I have tried these and they do not find the file I needed:

grep -r "0.136" /Volumes/LaCie\ Disk/chemgeek/Documents/9-28-04/Masters_Thesis_Chemistry/Chemical_Structures/*.*

grep -l "0.136" /Volumes/LaCie\ Disk/chemgeek/Documents/9-28-04/Masters_Thesis_Chemistry/Chemical_Structures/*.*


The hard drive the files are stored on is a LaCie Big Disk Extreme 320GB.
http://www.lacie.com/products/product.htm?pid=10489


----------



## chevy (Dec 12, 2004)

did you try 
grep -lr "0.136" /Volumes/LaCie\ Disk/chemgeek/Documents/9-28-04/Masters_Thesis_Chemistry/Chemical_Structures/*.*
?


----------



## chemistry_geek (Dec 12, 2004)

yes, I tried that too; it did not work.


----------



## scruffy (Dec 12, 2004)

If you're doing a recursive search, you shouldn't need to specify *.* - in fact, I think that might only look at subdirectories that have a dot in their names.

If you specify the exact file name, rather than a globbing pattern, does it find it? what is the filename? what is its format (what if you added the -a option to make it treat binary files as text?)


----------



## chemistry_geek (Dec 14, 2004)

OK, I think I know why *grep -lr "0.136" /Volumes/LaCie\ Disk/chemgeek/Documents/9-28-04/Masters_Thesis_Chemistry/Chemical_Structures/*.** didn't find the file the day I was searching for it.  I had not yet updated the *locate database*.  After I ran the *daily* and *weekly* system maintenance cron jobs, *grep -lr "0.136" /Volumes/LaCie\ Disk/chemgeek/Documents/9-28-04/Masters_Thesis_Chemistry/Chemical_Structures/*.** found three files in less than one second, literally.

Thank you all for your help and suggestions.  I very much appreciate all the help I get from the members here.


----------



## chemistry_geek (Dec 14, 2004)

scruffy said:
			
		

> If you're doing a recursive search, you shouldn't need to specify *.* - in fact, I think that might only look at subdirectories that have a dot in their names.
> 
> If you specify the exact file name, rather than a globbing pattern, does it find it? what is the filename? what is its format (what if you added the -a option to make it treat binary files as text?)
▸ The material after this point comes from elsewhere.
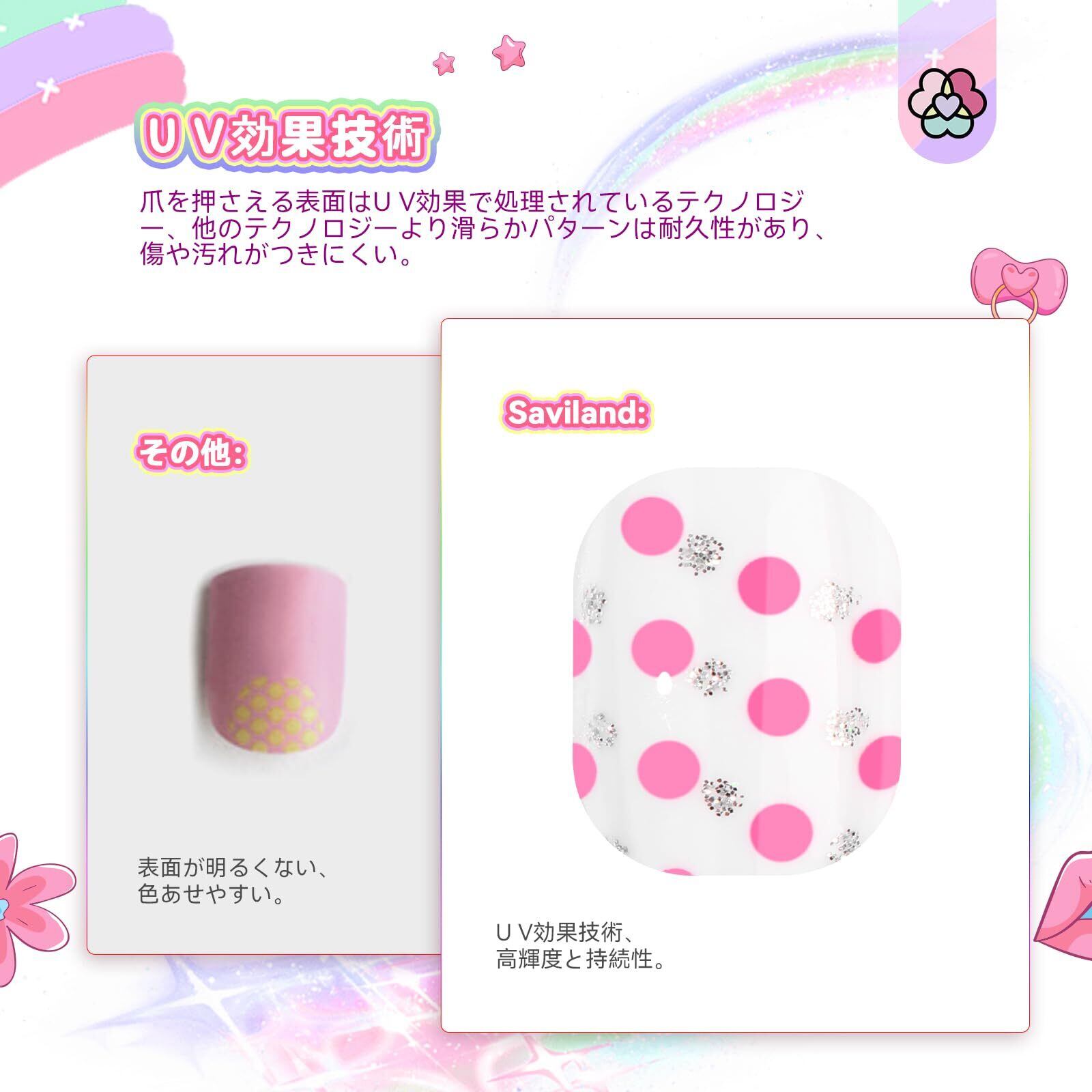暖かいヒントと最高のサービス ✨使用する前に、自分の爪に適したサイズの付け爪を選択してください。ファンデーションジェルをファイルして適用する必要はありません。各爪の表面をきれいにして、余分な油や汚れを取り除きます。涼しい場所に保管してください。子供の手の届かないところに保管してください。 Saviland 子供 ネイルチップ セットについていつでも対応いたします。ハッピーショッピング〜

The reason I was looking for a specific text pattern inside all of the files for my masters thesis is because I forgot the specific file name and folder(s) it could have been placed in.  I remember the the text that was in the file, that's why I was using grep.  The file I was looking for was a ChemDraw file that contains both binary and text information.  When viewed in BBEdit, I see "gibberish" characters everywhere and a few places with text that I entered to explain a chemical reaction.


----------



## profx (Dec 14, 2004)

if the volume has been indexed you can use the find feature in the finder as well. Search for content


----------



## brianleahy (Dec 14, 2004)

This works in HPUX, something similar will probably work in Darwin:


find . -type f -exec grep -l "0.136" {} \;


----------